EXERCISE DIRECTIONS: Give back the lines of the entries below exactly as written, from the first line to the line holding "Figure 1. Stablity test", both included, with the pictures omitted.

MATERIAL SHOWN:
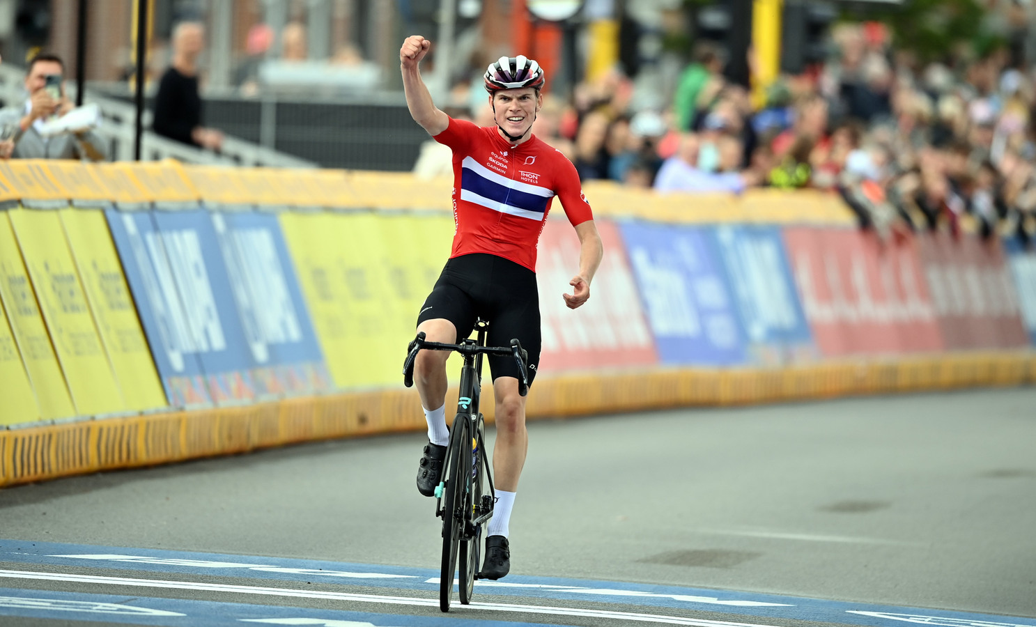 De 18-jarige Noor die volgend jaar zal uitkomen voor de opleidingsploeg van Jumbo-Visma viel aan op de Wijnpers en kwam na een solo van enkele kilometers als eerste over de streep.
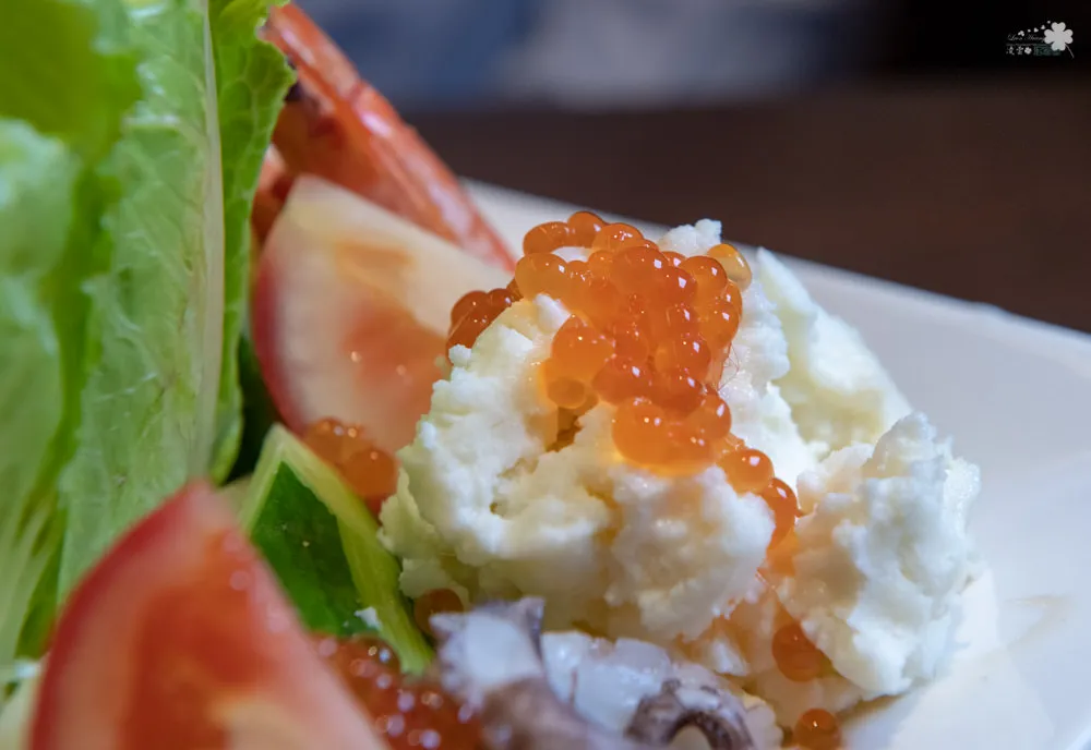 豪邁的將鮭魚卵散佈在沙拉的各角落,令人眼睛為之一亮。 吃進嘴裡,不僅有爆漿的感覺,更有著濃濃的海味,帶點醃漬過後的鹹味以及黏稠的口感,讓味覺整個鮮活起來。
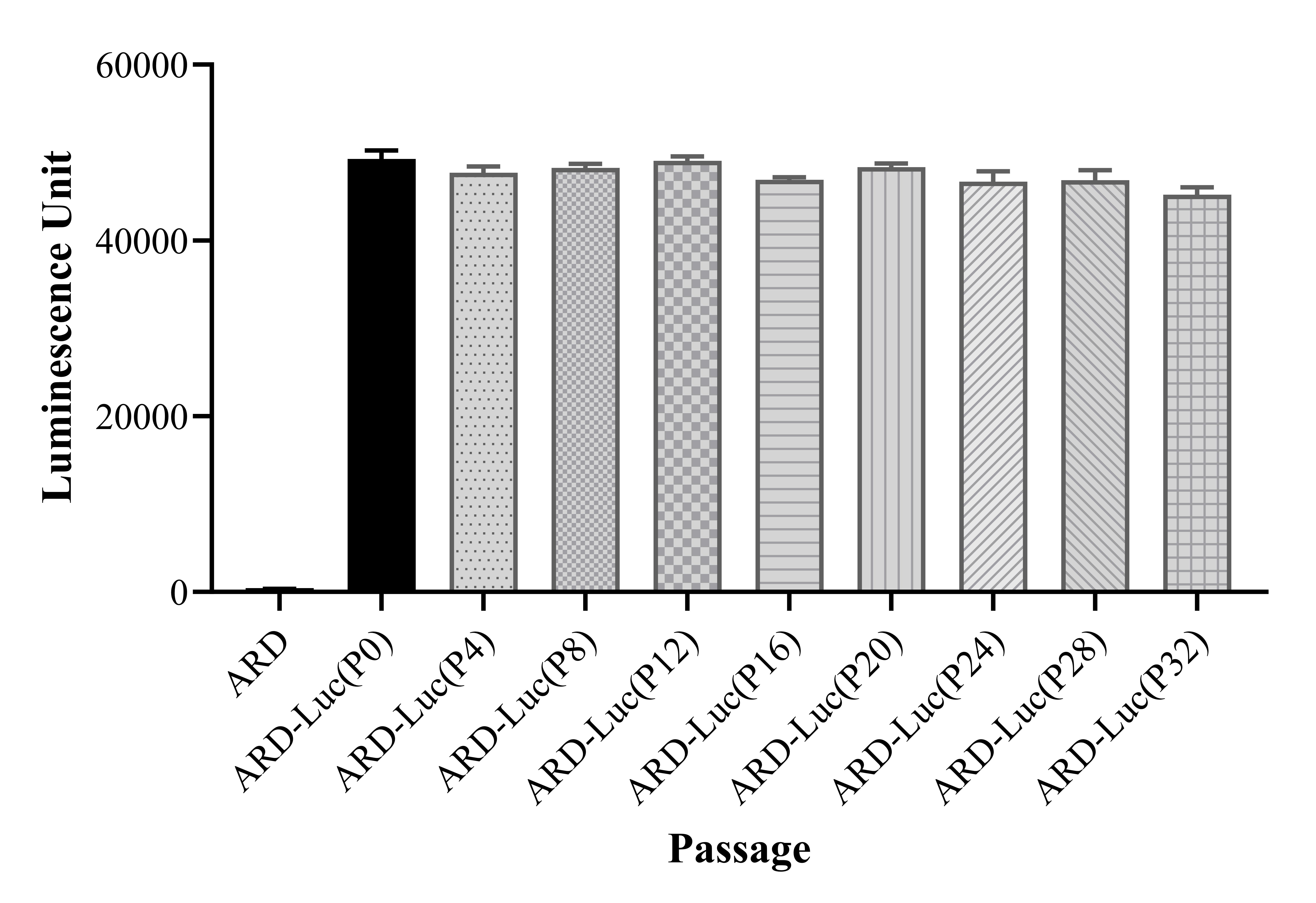 Figure 1. Stablity test results. ARD-Luc showed at least 32 passage stability with similar luminescence unit.
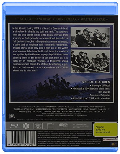 Australia released, Blu-Ray/Region A/B/C : it WILL NOT play on regular DVD player. You need Blu-Ray DVD player to view this Blu-Ray DVD: LANGUAGES: English ( Dolby Digital 2.0 ), English ( Subtitles ), SPECIAL FEATURES: Black & White, Cast/Crew Interview(s), Interactive Menu, Making Of, Scene Access, Short Film, SYNOPSIS: In the Atlantic during WWII, a ship and a German U-boat are involved in a battle and both are sunk. The survivors from the ship gather in one of the boats. They are from a variety of backgrounds: an international journalist, a rich businessman, the radio operator, a nurse, a steward, a sailor and an engineer with communist tendencies. Trouble starts when they pull a man out of the water who turns out to be from the U-boat. Later, the survivors are spotted by the German supply ship Willi had been steering them to, but before it can pick them up, it is sunk by an American warship. A frightened young German seaman boards the lifeboat, brandishing a gun. After he is disarmed, one of the survivors asks, "What should we do with him?" SCREENED/AWARDED AT: Oscar Academy Awards, ...Lifeboat ( Life boat )
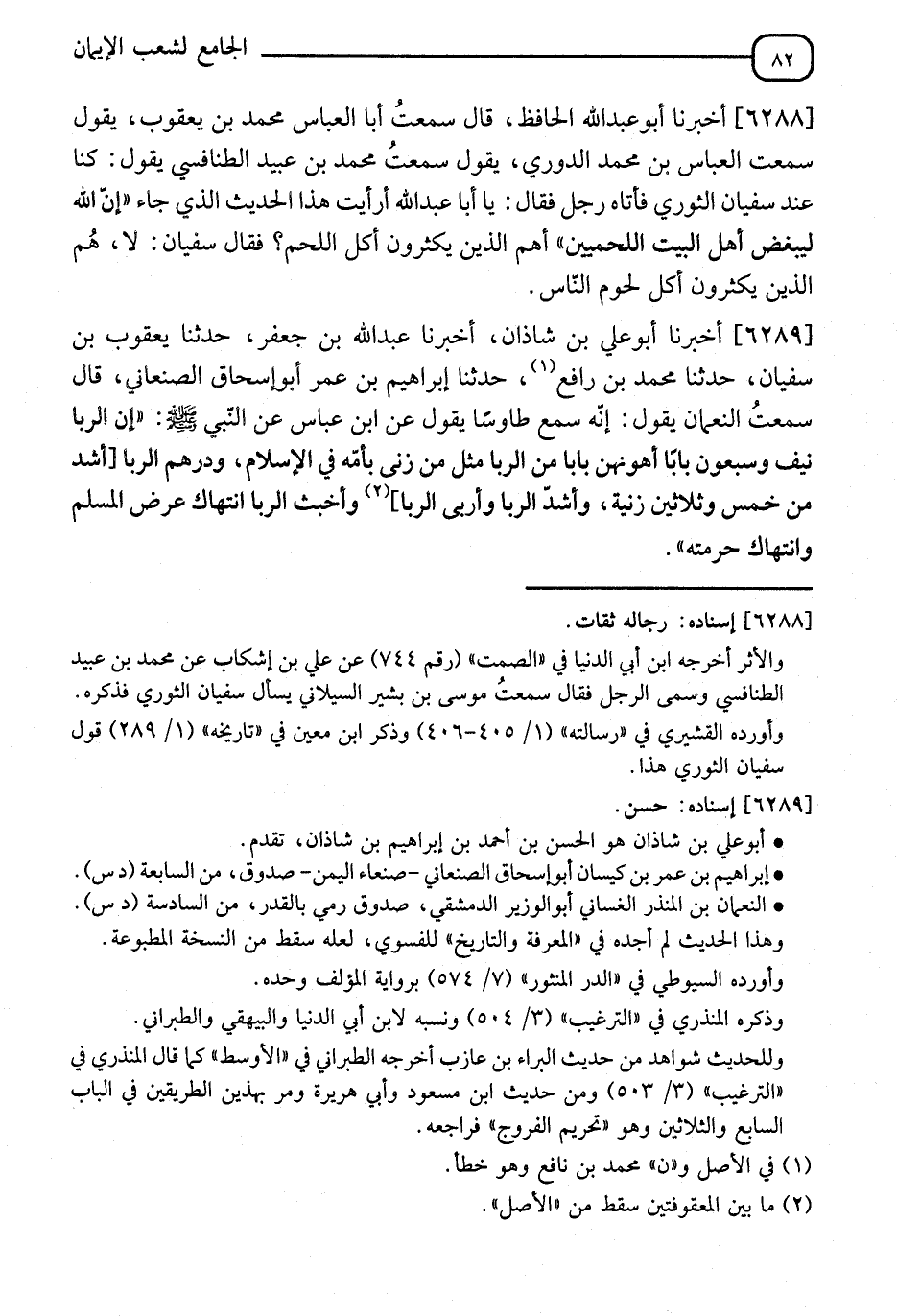 6288 - أَخْبَرَنَا أَبُو عَبْدِ اللهِ الْحَافِظُ، قَالَ: سَمِعْتُ أَبَا الْعَبَّاسِ مُحَمَّدَ بْنَ يَعْقُوبَ، يَقُولُ: سَمِعْتُ الْعَبَّاسَ بْنَ مُحَمَّدٍ الدُّورِيَّ، يَقُولُ: سَمِعْتُ مُحَمَّدَ بْنَ عُبَيْدٍ الطَّنَافِسِيَّ، يَقُولُ: كُنَّا عِنْدَ سُفْيَانَ الثَّوْرِيِّ فَأَتَاهُ رَجُلٌ، فَقَالَ: يَا أَبَا عَبْدِ اللهِ، أَرَأَيْتَ هَذَا الْحَدِيثَ الَّذِي جَاءَ: إِنَّ §اللهَ لَيُبْغِضُ أَهْلَ الْبَيْتِ اللَّحْمِيِّينَ الَّذِينَ يُكْثِرُونَ أَكْلَ اللَّحْمِ. قَالَ سُفْيَانُ: " لَا هُمُ الَّذِينَ يُكْثِرُونَ أَكْلَ لُحُومِ النَّاسِ "

EXERCISE ANSWER:
 De 18-jarige Noor die volgend jaar zal uitkomen voor de opleidingsploeg van Jumbo-Visma viel aan op de Wijnpers en kwam na een solo van enkele kilometers als eerste over de streep.
 豪邁的將鮭魚卵散佈在沙拉的各角落,令人眼睛為之一亮。 吃進嘴裡,不僅有爆漿的感覺,更有著濃濃的海味,帶點醃漬過後的鹹味以及黏稠的口感,讓味覺整個鮮活起來。
 Figure 1. Stablity test results. ARD-Luc showed at least 32 passage stability with similar luminescence unit.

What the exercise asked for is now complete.